WORK ORDER: Below are records with pictures. Transcribe exactly, and only, the lines from the line with "Immerhin dürft ihr" to the line with "此外,書中也會針對設置造園景", both ends included, but not the pictures.

◇ ◇ ◇ ◇

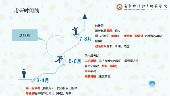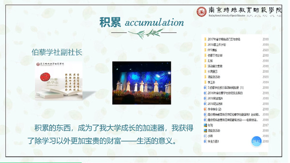 做有梦想的积极行动者。王昕媛同学首先以自己经历的“三座大山”展开分享宝贵经验。进入南京特殊教育师范学院求学、加入伯藜学社、决定考研是她在大学里所面临的“三座大山,”尝试、调整、积累是她开始蜕变提升自己的最优方式。她就大学学习生活、考研学习方法及读研后的感受进行了详细的阐述,很多的第一次让她为后面的路打下基础,专业课排名第一、成为伯藜学社副社长、考研成功等。从她的经验分享中,可以看到自信、努力、坚持是她翻越“三座大山”的秘诀。
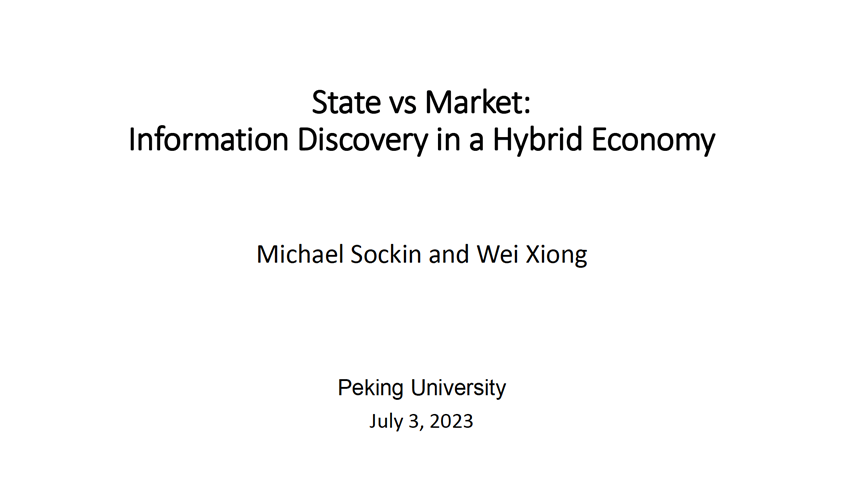 2023年7月3日,北京大学国家发展研究院、北京大学数字金融研究中心举办了2023年春季的第十五场数字金融workshop。本期workshop由北大国发院助理教授、中心研究员胡佳胤主持,邀请到普林斯顿大学和香港中文大学(深圳)的熊伟教授分享其与合作者的最新研究《State versus Market: Information Discovery in a Hybrid Economy(政府和市场之争:混合经济中的信息发现)》。近六十位老师和同学线下参与了本次workshop,并与主讲嘉宾进行了深入的交流和讨论。
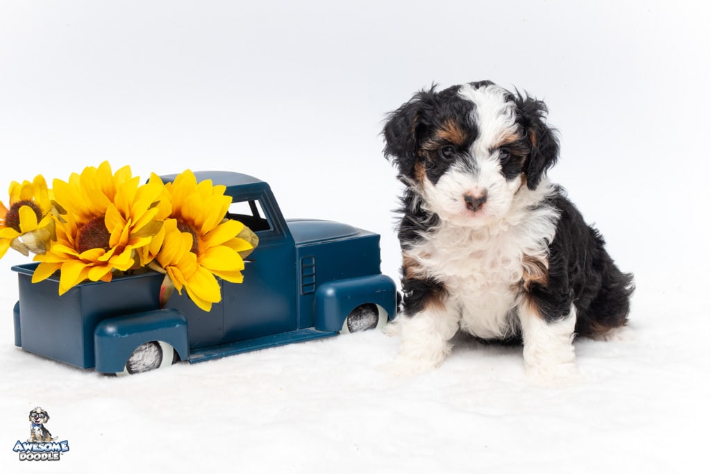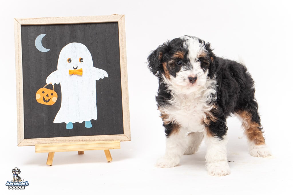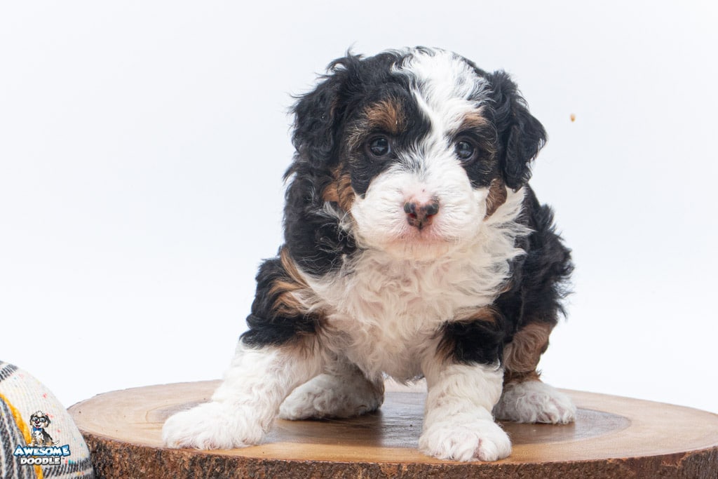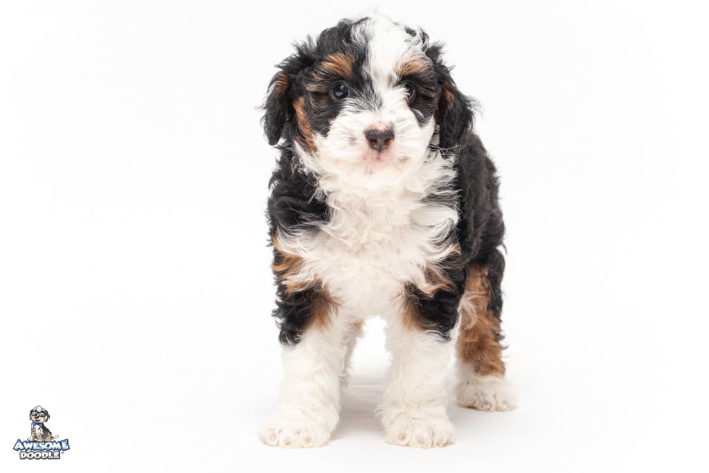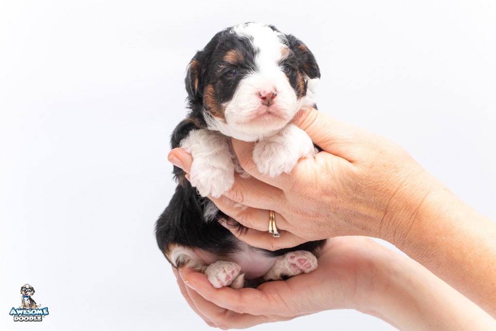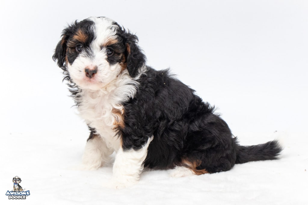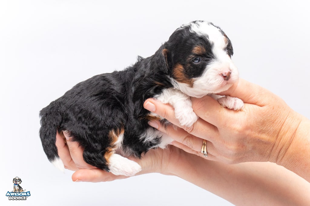 Cider is a female Black Tri-Color F1 AussieDoodle puppy.
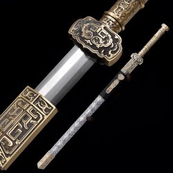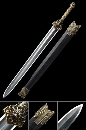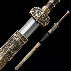 This battle-ready natural han dynasty swords is made of pattern steel, designed to be perfect for practical Chinese martial arts training. The blade is specially treated to achieve optimal levels of durability and hardness. Traditional design with modern construction, this is not your average wushu sword. It is a weighty sword with a hand-sharpened edge for practical use, or for serious collectors and Chinese history enthusiasts. It comes with an exquisite hardwood scabbard and high-quality fittings. The sword is great for tai chi, kung fu, wushu, cutting practice, and display. It's durable enough for trees and bamboo. Each sword is individually handmade so specifications vary slightly from sword to sword. notes: not include stand. ...
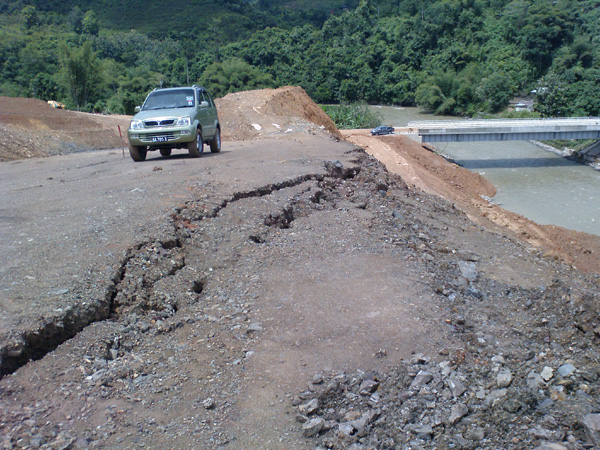 Proses peneresan dan pelebaran jalanraya dilihat dari jauh (seberang jambatan besi)
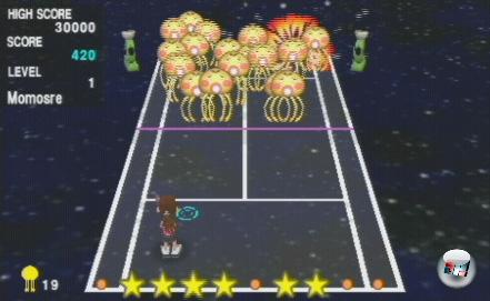 Immerhin dürft ihr dafür mit nur einem Modul einen Mitspieler einladen oder ihm eine Demo der fünf Minispiele über den Äther zuschieben. Anders als in Virtua Tennis wird die kurzweilige Abwechslung natürlich nicht in die nicht vorhandene Karriere eingebunden und fördert auch nicht die Entwicklung von Schlagstärke, Geschwindigkeit oder Präzision. Stattdessen vertreibt ihr euch beim Zielschießen, „Space Invaders“ oder dem Zurückhalten (Anschießen) einer Wand die Zeit. Dafür gibt’s Punkte – das war’s. Genau wie das Fadenkreuz könnt ihr auch den automatischen Wechsel der Perspektive nicht abschalten,
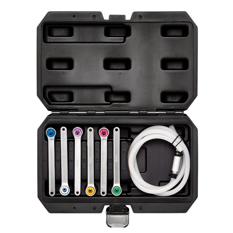 Professionele remontluchtingssleutelset voor het ontluchten van remsystemen zonder het verwijderen van de wielen of het heffen van het voertuig. De sleutels zijn vervaardigd uit hoogwaardig staal met een satijnen afwerking voor extra corrosiebescherming. Elke sleutel is kleurgecodeerd voor snelle maatidentificatie. De meegeleverde aftapslang met terugslagklep voorkomt dat lucht terug in het systeem stroomt. Geleverd in een stevige kunststof opbergkoffer.
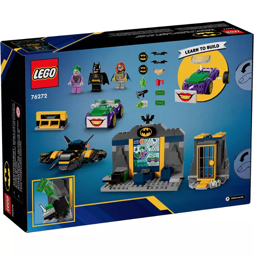 Набор LEGO 76272 «Бэтпещера» — это набор DC Comics Super Heroes 4+, выпущенный в 2024 году, содержащий 184 детали и 3 минифигурки. В него входит компактная модель Бэтпещеры с тюремной комнатой, машинка, которую можно толкать, и летательный аппарат Бэтвинг со складными крыльями. В числе особенностей — пусковая установка для дисков, катапульта с переключателем, взрывающиеся тюремные двери и светящийся в темноте паук. Минифигурки: Бэтмен, Бэтгёрл и Джокер.
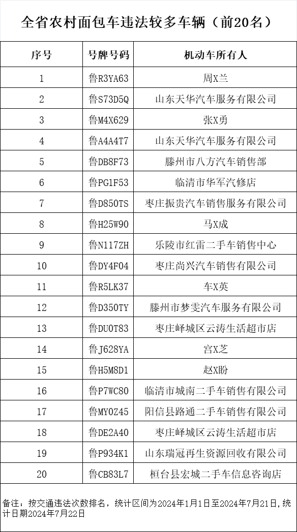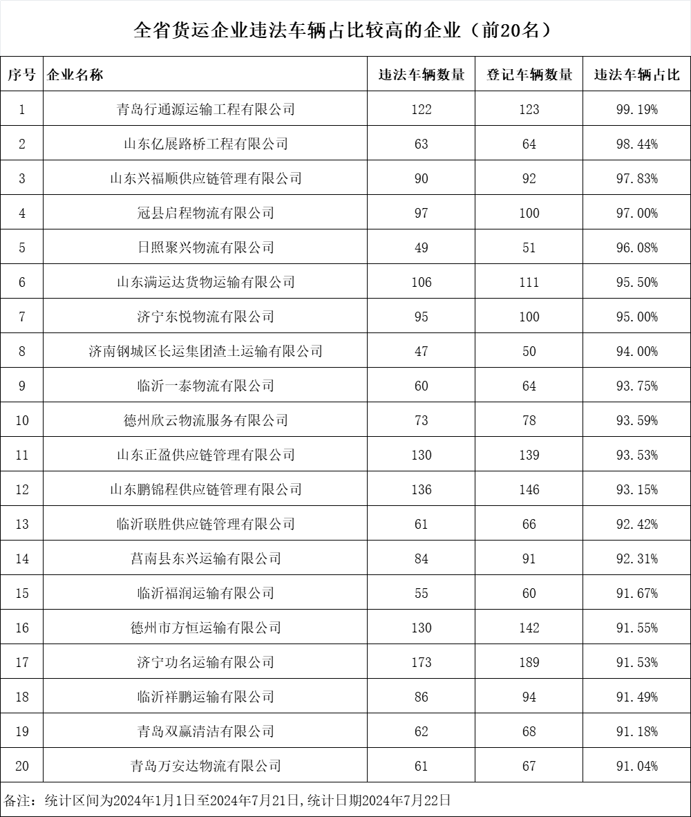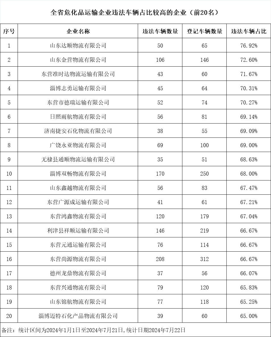 近日,山东省公安厅交通管理局发布7月份重点交通违法企业、车辆及驾驶人名单。此次曝光的交通违法次数较多的“两客一危一货”车辆共计60辆,违法车辆占比较高的“两客一危一货”运输企业共计60家,违法较多的农村面包车驾驶人20人,终生禁驾人员36人,同时发布了一批典型案例和事故多发路段。
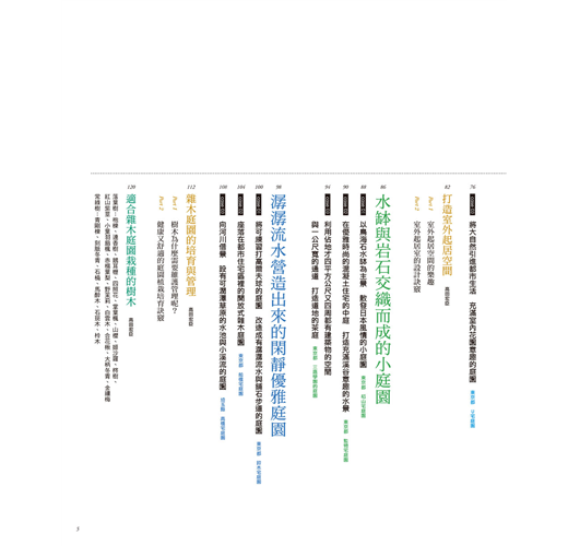 此外,書中也會針對設置造園景物的庭園,相當值得一看的「自然風庭園」做詳細的介紹。對於日本庭園特有的美、心、技將有更深一層的認識。
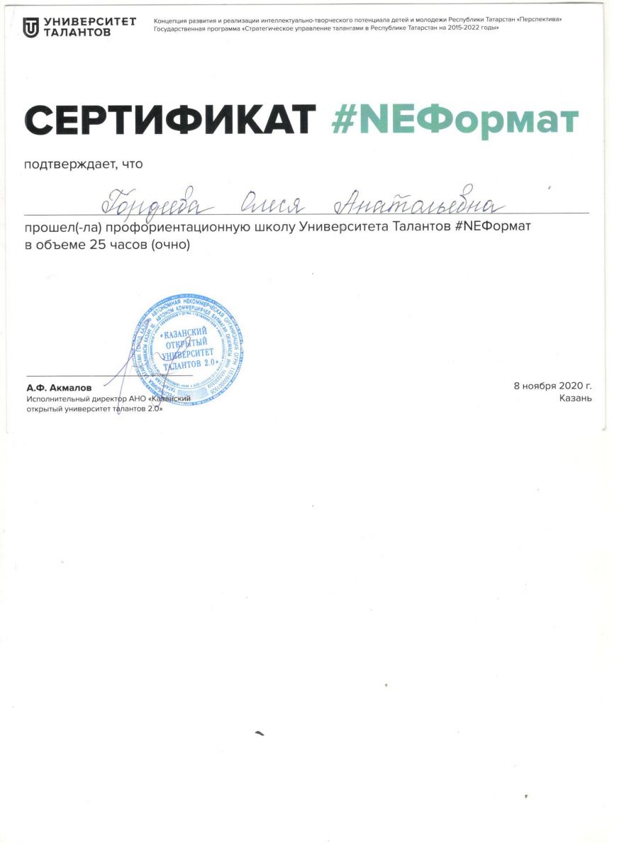 Опубликовано: 16.11.2020В осенние каникулы ученица 10 класса Гордеева Олеся прошла профориентационную школу Универститета талантов NEФормат в очной форме в г. Казань. После занятий куратор вышел на связь через ZOOM, предложил продолжить работу в Университете. Олеся загорелась этой поездкой и предложением и, посоветовавшись с родителями, решила продолжить сотрудничество. Чтобы стать студентом Унверситета талантов Олесе необходимо было посетить вебинары, курсы и получать Дипломы регионального уровней и составить индивидуальный план развития. Таким образом, Олеся стала студенткой Университета талантов.Желаем ей дальнейших успехов!
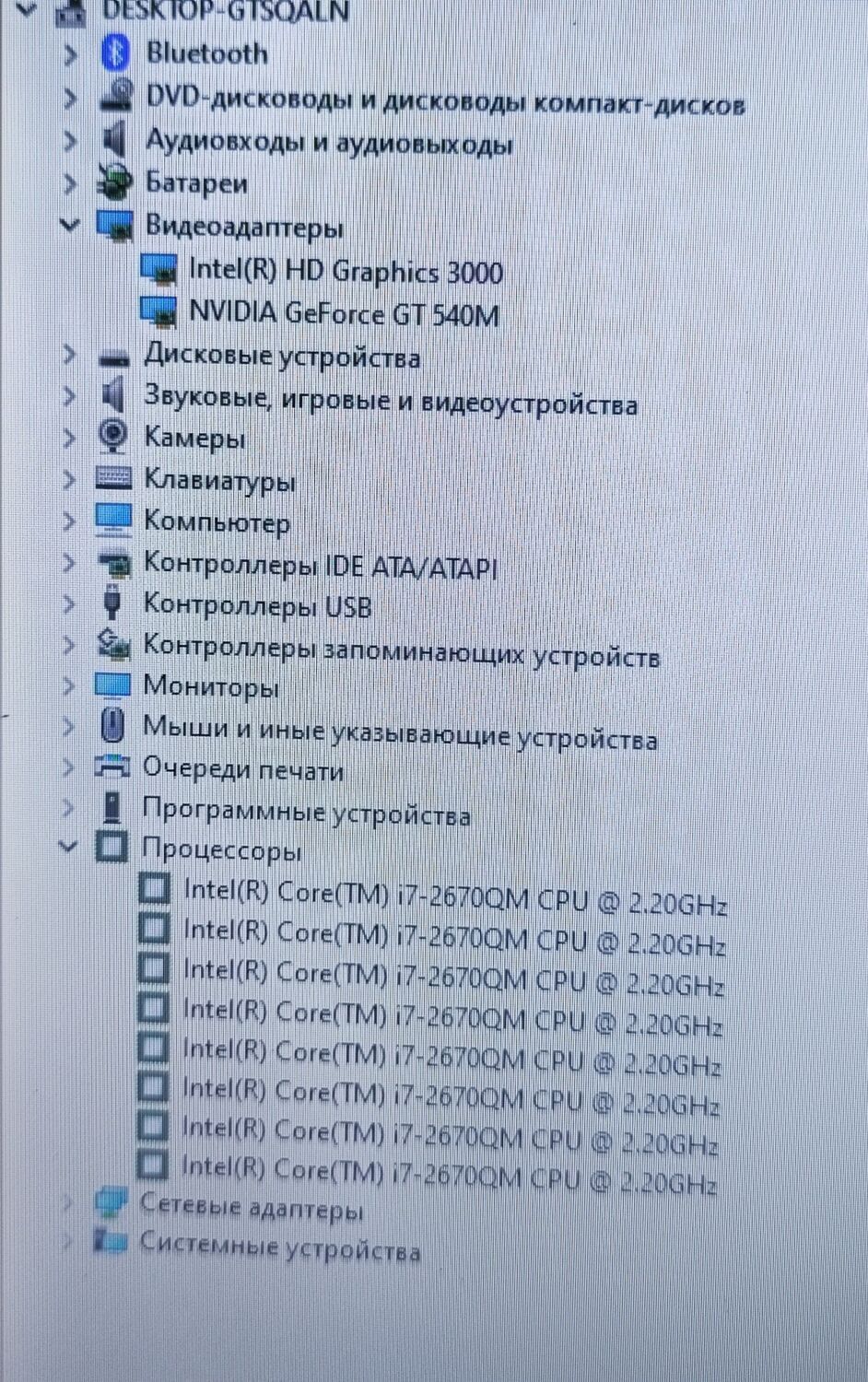 - Процесор: Intel Core i7-2670QM (4 (8) ядра з тактовою частотою 2,2–3,1 ГГц), 6 МБ Smart Cache

◇ ◇ ◇ ◇

RESPONSE AREA:
 Immerhin dürft ihr dafür mit nur einem Modul einen Mitspieler einladen oder ihm eine Demo der fünf Minispiele über den Äther zuschieben. Anders als in Virtua Tennis wird die kurzweilige Abwechslung natürlich nicht in die nicht vorhandene Karriere eingebunden und fördert auch nicht die Entwicklung von Schlagstärke, Geschwindigkeit oder Präzision. Stattdessen vertreibt ihr euch beim Zielschießen, „Space Invaders“ oder dem Zurückhalten (Anschießen) einer Wand die Zeit. Dafür gibt’s Punkte – das war’s. Genau wie das Fadenkreuz könnt ihr auch den automatischen Wechsel der Perspektive nicht abschalten,
 Professionele remontluchtingssleutelset voor het ontluchten van remsystemen zonder het verwijderen van de wielen of het heffen van het voertuig. De sleutels zijn vervaardigd uit hoogwaardig staal met een satijnen afwerking voor extra corrosiebescherming. Elke sleutel is kleurgecodeerd voor snelle maatidentificatie. De meegeleverde aftapslang met terugslagklep voorkomt dat lucht terug in het systeem stroomt. Geleverd in een stevige kunststof opbergkoffer.
 Набор LEGO 76272 «Бэтпещера» — это набор DC Comics Super Heroes 4+, выпущенный в 2024 году, содержащий 184 детали и 3 минифигурки. В него входит компактная модель Бэтпещеры с тюремной комнатой, машинка, которую можно толкать, и летательный аппарат Бэтвинг со складными крыльями. В числе особенностей — пусковая установка для дисков, катапульта с переключателем, взрывающиеся тюремные двери и светящийся в темноте паук. Минифигурки: Бэтмен, Бэтгёрл и Джокер.
 近日,山东省公安厅交通管理局发布7月份重点交通违法企业、车辆及驾驶人名单。此次曝光的交通违法次数较多的“两客一危一货”车辆共计60辆,违法车辆占比较高的“两客一危一货”运输企业共计60家,违法较多的农村面包车驾驶人20人,终生禁驾人员36人,同时发布了一批典型案例和事故多发路段。
 此外,書中也會針對設置造園景物的庭園,相當值得一看的「自然風庭園」做詳細的介紹。對於日本庭園特有的美、心、技將有更深一層的認識。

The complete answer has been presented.